- **Data section**:
=-=-=

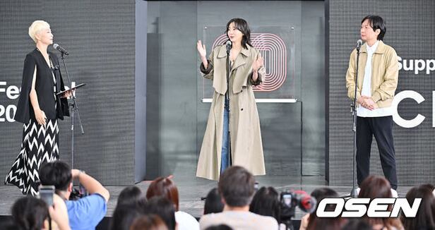 김병우 감독과 배우 김다미가 야외무대인사를 하고 있다. 2025.09.19
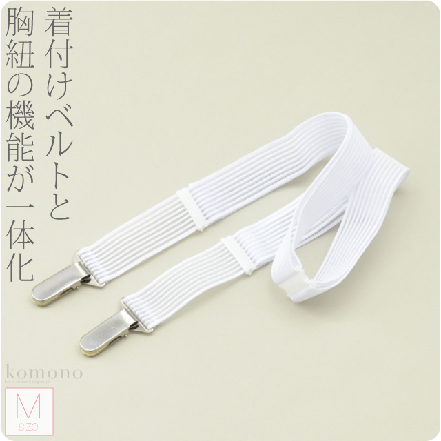 | 備考 | : | 着付ベルトと胸紐の機能が一体化した便利グッズです。 クリップで着物の衿合わせをきっちり安定させつつ、ゴム紐で胸元の着崩れを防ぎます。 上前と下前をクリップで留めたら、ゴム紐を背中でクロスさせて前で留め具を留めます。 モスリンなどの布紐と比べてゴムなので伸縮性があり、動きに対応して着崩れを防ぎます。 着物を着慣れない方にもお勧めです。 クリップ部分はステンレスです。 長さの調節も可能です。 プラスチック製の留め具を使用していますので、結び目が出来ません。 美しい胸元をキープするために是非どうぞ。 メッシュ素材ですので、浴衣や夏着物にもお勧めです。 Lサイズはこちらから購入できます。 | ||||||
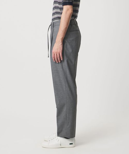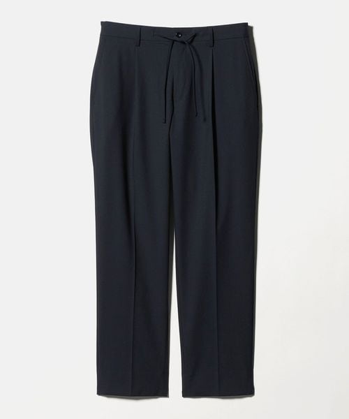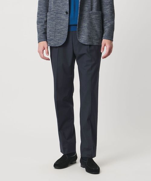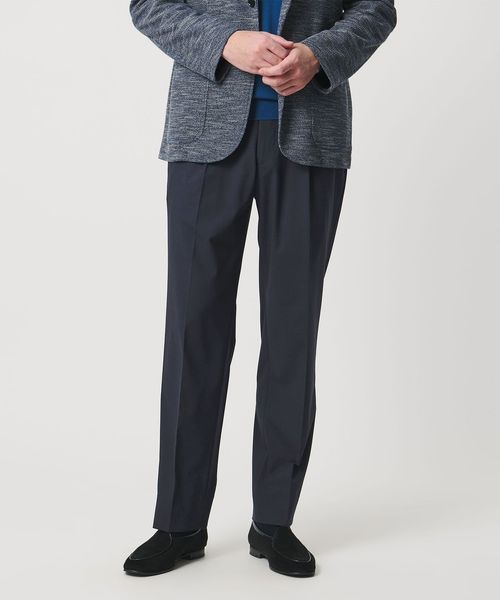 1プリーツの仕様で、適度にゆとりのある腰廻りからゆるやかにテーパードしたシルエットが特徴。
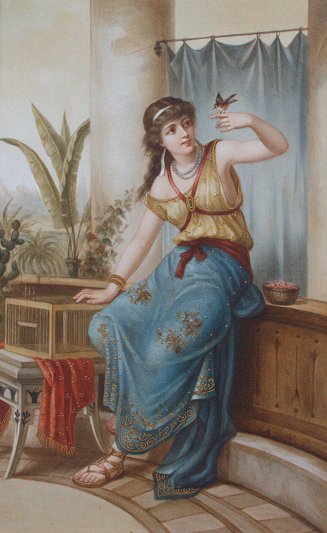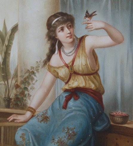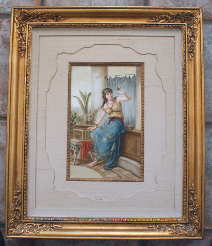 PAINTING ON PORCELAIN OF A YOUNG MAIDEN IN A GRECIAN SETTING WITH HER PET BIRD: 12 5/8'' x 8'', no visible signature, encased in a carved and gilded frame, 25'' x 21'', no visible marks verso, no impressed marks on the porcelain. Est. $800/1200**

=-=-=

The pictures should be dropped, and every line above should be set down again exactly.

- **Worked solution**:
 김병우 감독과 배우 김다미가 야외무대인사를 하고 있다. 2025.09.19
 | 備考 | : | 着付ベルトと胸紐の機能が一体化した便利グッズです。 クリップで着物の衿合わせをきっちり安定させつつ、ゴム紐で胸元の着崩れを防ぎます。 上前と下前をクリップで留めたら、ゴム紐を背中でクロスさせて前で留め具を留めます。 モスリンなどの布紐と比べてゴムなので伸縮性があり、動きに対応して着崩れを防ぎます。 着物を着慣れない方にもお勧めです。 クリップ部分はステンレスです。 長さの調節も可能です。 プラスチック製の留め具を使用していますので、結び目が出来ません。 美しい胸元をキープするために是非どうぞ。 メッシュ素材ですので、浴衣や夏着物にもお勧めです。 Lサイズはこちらから購入できます。 | ||||||
 1プリーツの仕様で、適度にゆとりのある腰廻りからゆるやかにテーパードしたシルエットが特徴。
 PAINTING ON PORCELAIN OF A YOUNG MAIDEN IN A GRECIAN SETTING WITH HER PET BIRD: 12 5/8'' x 8'', no visible signature, encased in a carved and gilded frame, 25'' x 21'', no visible marks verso, no impressed marks on the porcelain. Est. $800/1200**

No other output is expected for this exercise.